En Francia 98, la fatídica tanda de penales contra el anfitrión no lo traicionó de manera particular, pero sí a Italia, que de nueva cuenta se quedaría fuera de la disputa por el título, pero ahora en Cuartos de Final.  Ése sería su último partido mundialista, ya que Giovanni Trapattoni, en 2002, lo bajó un día antes de dar la lista definitiva. Baggio había retomado el futbol competitivo y exquisito en el modesto Brescia, club que lo sacó del semi retiro en el que vivía, entidad que le devolvió la inspiración y la fuerza por jugar al futbol. “Yo había recuperado la forma, creo que por mi calidad y momento merecía estar en la lista, no sé si debía jugar, pero sí por lo menos haber formado parte de la selección”. 

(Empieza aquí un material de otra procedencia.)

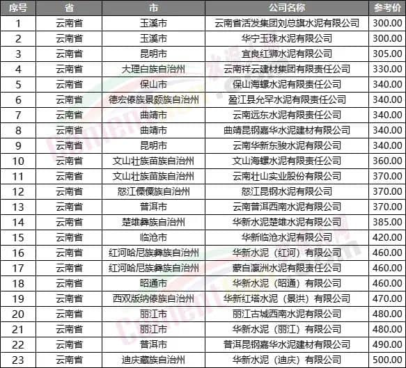 另一相對(duì)低價(jià)的區(qū)域是云南省,水泥人網(wǎng)重點(diǎn)監(jiān)控的23家企業(yè)中14家企業(yè)報(bào)價(jià)在400元/噸以下,8家企業(yè)報(bào)價(jià)在500元/噸以下,僅華新水泥(迪慶)有限公司報(bào)價(jià)500元/噸。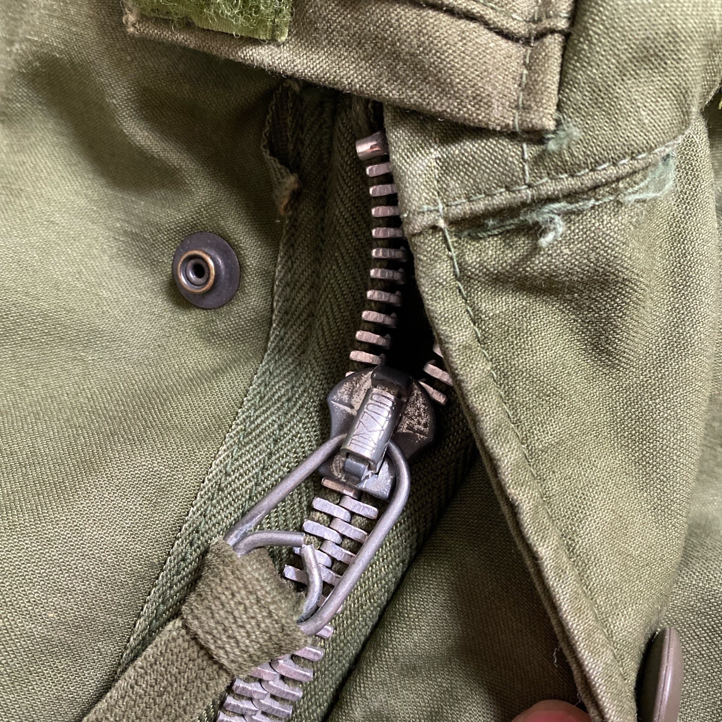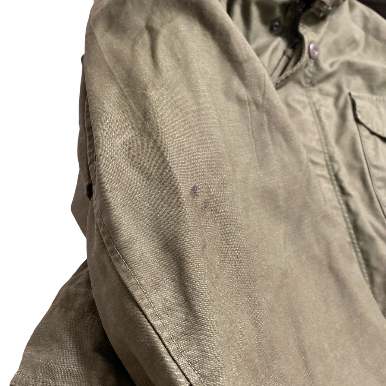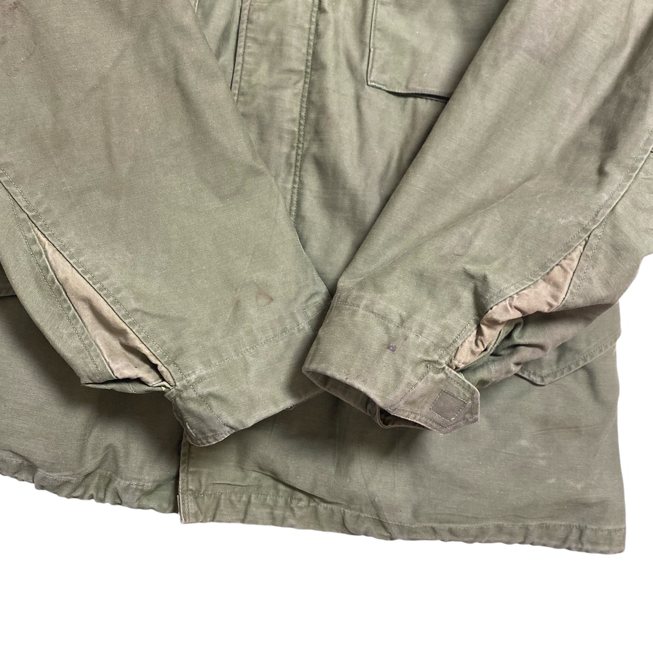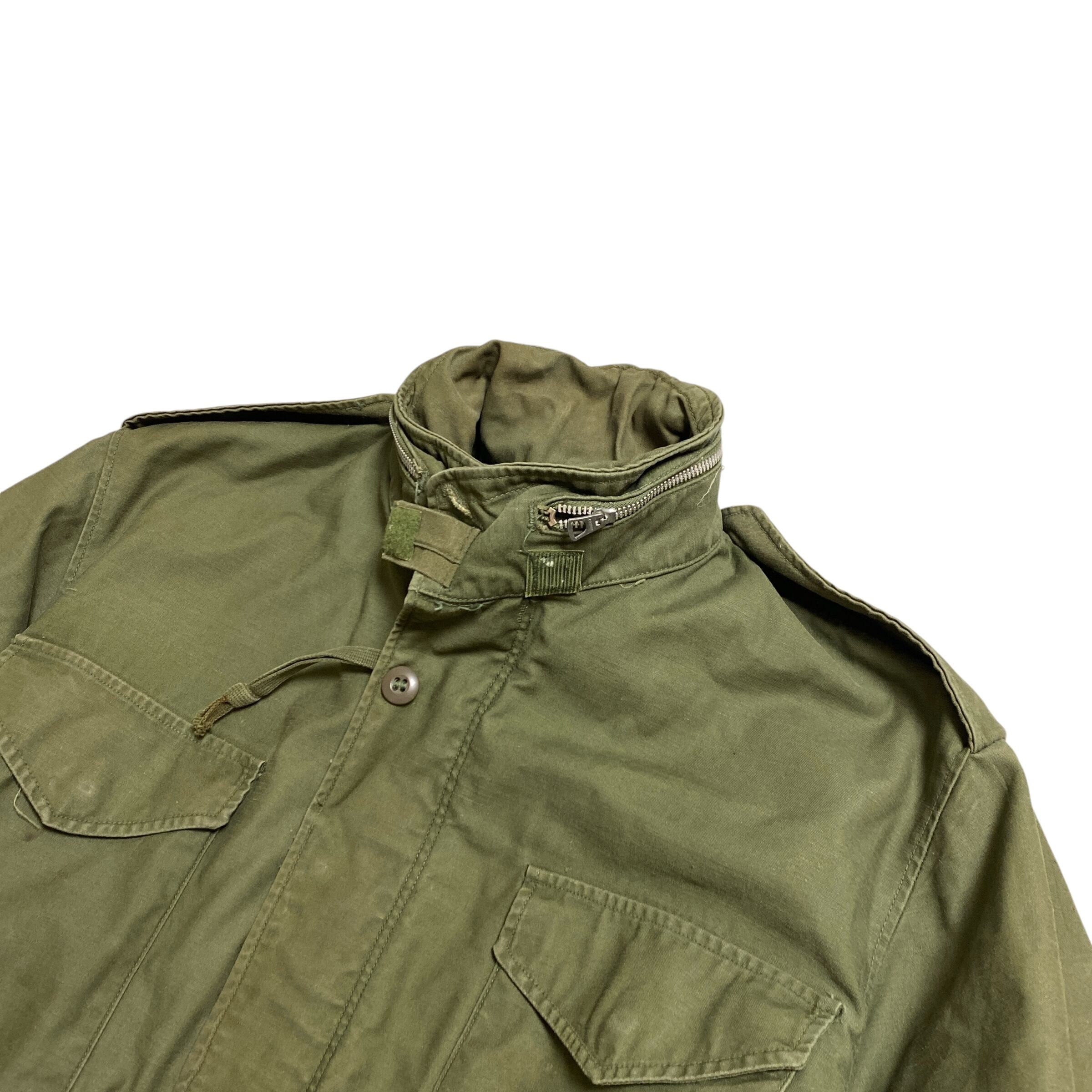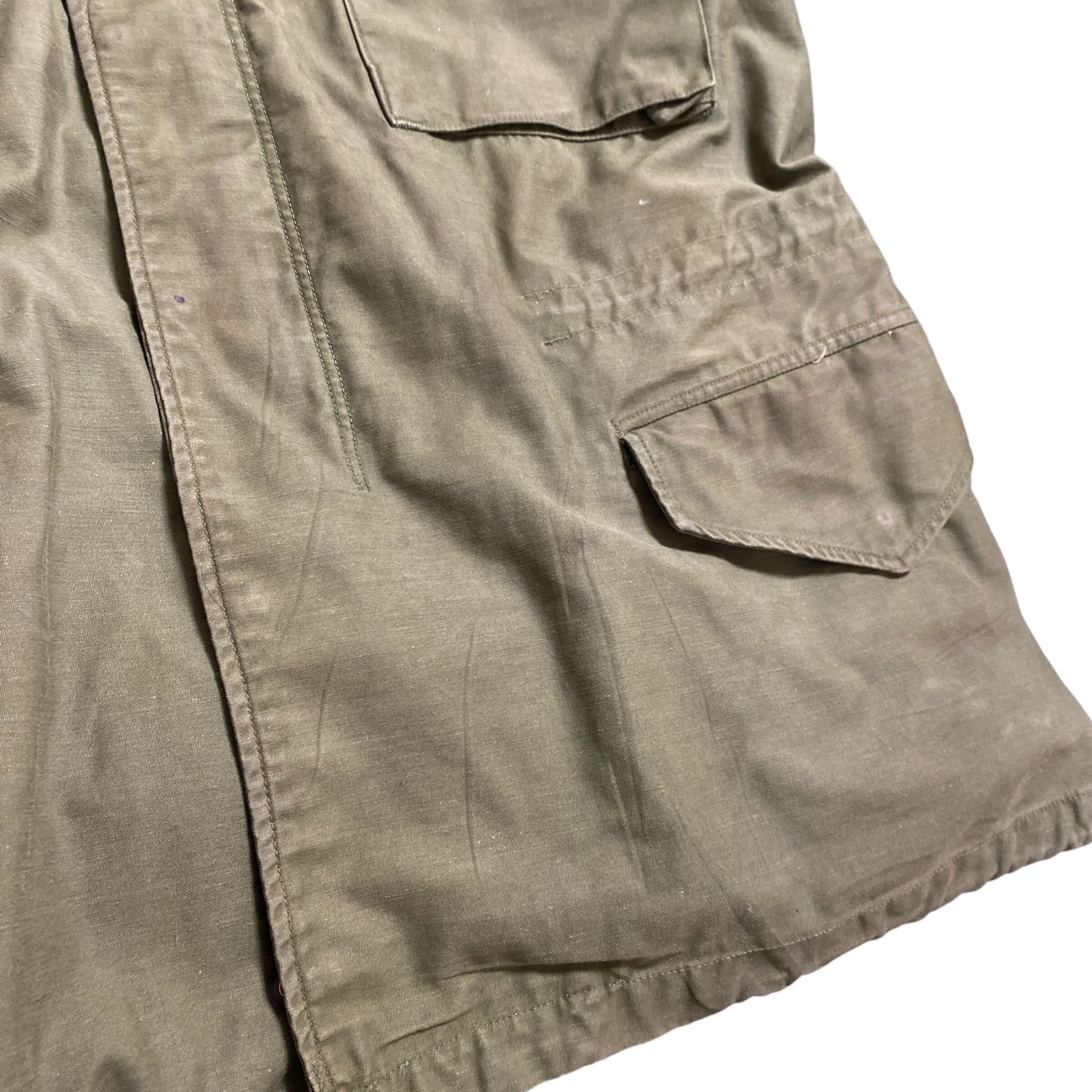 1960年代頃のアメリカ軍M65フィールドジャケットになります。(襟フラップ別生地、袖にスレキが付くので60年代後期だと思われます)

En Brescia aprendió a disputar partidos alejado de los reflectores, viviendo en la penumbra del descenso y sin grandes multitudes vitoreándolo. No obstante, fue ahí donde marcó su gol 300 de por vida y el número 200 en la Serie A, además de darse el lujo de anotar frente al Lecce el único gol olímpico de su notable diario. Lo hizo ensartándolo al primer palo. Impresionante. 

Su discreción fuera del campo, contrastaba de manera rotunda con su look de cola de caballo (Il Codino) y piocha mosquetera que aderezaba el futbol gourmet que cocinaba su pie derecho. Y es que al momento que Roberto se desordenaba del pizarrón, el campo florecía y su cuadro paradójicamente se resideñaba a sus pies, para celebrar un balompié de alta costura. 

Hoy vive tranquilo, con los ligamentos devastados, pero relajado en sus terrenos, tanto de Italia como de Argentina, mismos que mezcla según la estación del año que lo acompañe. 

Baggio, un ser que será mítico cada vez que en algún lugar del mundo se hable de futbol, incluso en su pequeño pueblo de Caldogno, frente a la Villa que lleva ese nombre, una casa hecha a mediados del Siglo XVI por el arquitecto Andrea Palladio, que forma parte de las Villas Palladianas del Véneto, Patrimonio de la Humanidad de la Unesco desde el 94 y segundo motivo de orgullo de la zona, porque el primero nació en el 67, fue el sexto de ocho hijos de la familia Baggio Rizzotto, se llamó Roberto, por Bonisegna, jugaba de nueve y medio, lo hacía como los querubines, con pulcra elegancia, con pasmosa facilidad, con divinidad absoluta, mucho mejor que ‘Bonimba’, el ídolo de su padre y mire que eso es ya decir.